Following the interviews, students had the opportunity to vote for the top five candidates, Gonzalez said. The student vote and the interviews factor equally into which candidates ultimately get named King and Queen.

Although parts of the selection process can be stressful, particularly the interviews, Gonzalez said she hopes the candidates enjoyed the week. 

“A lot of them told me today they though it was a really fun process and they really enjoyed it and had a great time,” she said. “Which was great to hear.” 

Heck said she enjoyed getting to attend the events required of the homecoming candidates, particularly the Parade and the TECHsan Memorial. The best part of the process, however, was the friendships made throughout the week. 

The stress of the process bonded all of the girls together, Heck said, especially leading up to top five. 

“I became such good friends with several of the other girls, especially like in the top five as we got to go through the parade and on the field,” she said. “It was super sweet, and I really will continue to value the friendships, even beyond this year.” 
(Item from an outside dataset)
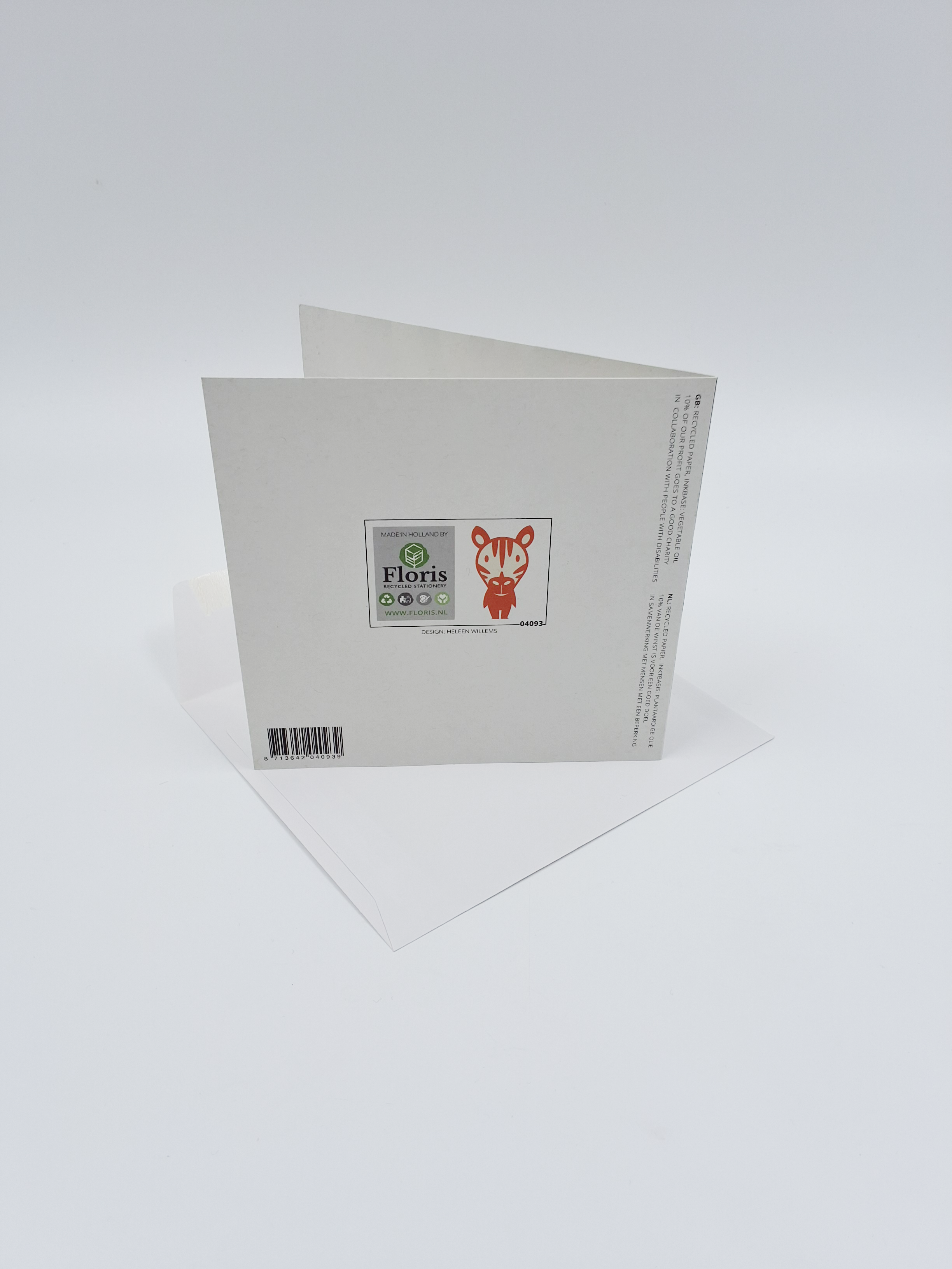 Onze wenskaarten zijn gemaakt van gerecycled papier en bedrukt met inkt op basis van plantaardige olie.
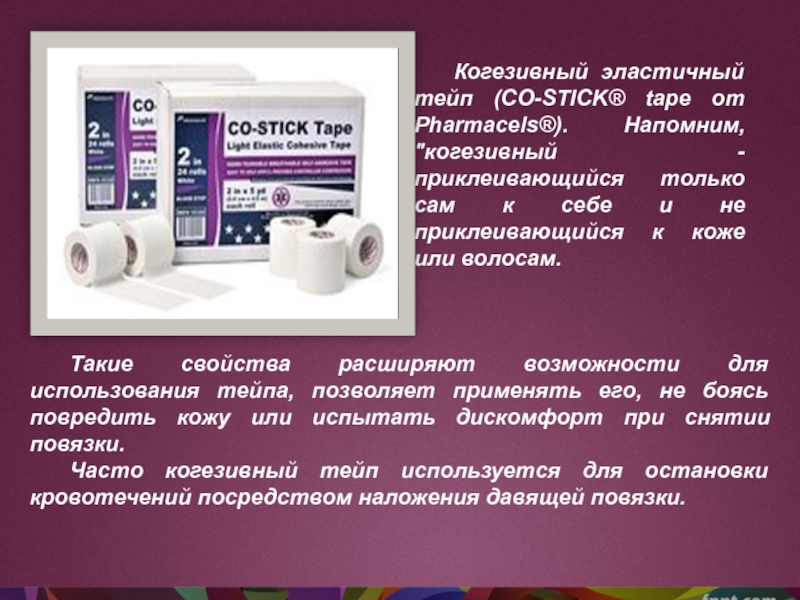 Слайд 19Когезивный эластичный тейп (CO-STICK® tape от Pharmacels®). Напомним, "когезивный -

Like Heck, Lane said the best part of the nomination process was the people he met. 

“Honestly it was pretty awesome meeting all the other people,” Lane said. “There were some pretty awesome people, kind of the elite kiddos at Texas Tech, so it was really awesome to get to know them.”

His fellow candidates were all outstanding, he said, making his win a surprise. The win was not his alone, but the Saddle Tramps as well, he said. 

“Winning this is definitely more for the Saddle Tramps,” he said. “You know, we’re trying to become more involved within student activities and also within Greek life, just kind of just people know that we’re out here. We do a lot of good stuff for the university.” 

Heck said she is still in disbelief over being named Homecoming Queen. It is an incredible honor, particularly because of her love of the university.

“It’s really neat to be able to represent the student body and be able to be a voice to not only display the love that we have for Texas Tech, but also further the ideals that we have because the students of Texas Tech are great,” Heck said. 

For those considering becoming candidates for King and Queen, the most important thing to do is get involved on campus, Lane said. 

“That in and of itself is a reward. That’s rewarding too,” he said. “Honestly you do that, I feel like the Homecoming stuff just falls into place after that.”

Students should consider becoming candidates, he said. As a proud Tech student, it is unbelievable to have the opportunity to represent the study body. 

“You’re representing Texas Tech’s student body and you know, I think it’s a great student body,” Lane said. “There’s 36,000 of us, and I’m one of two that get to represent them, so that’s pretty awesome.”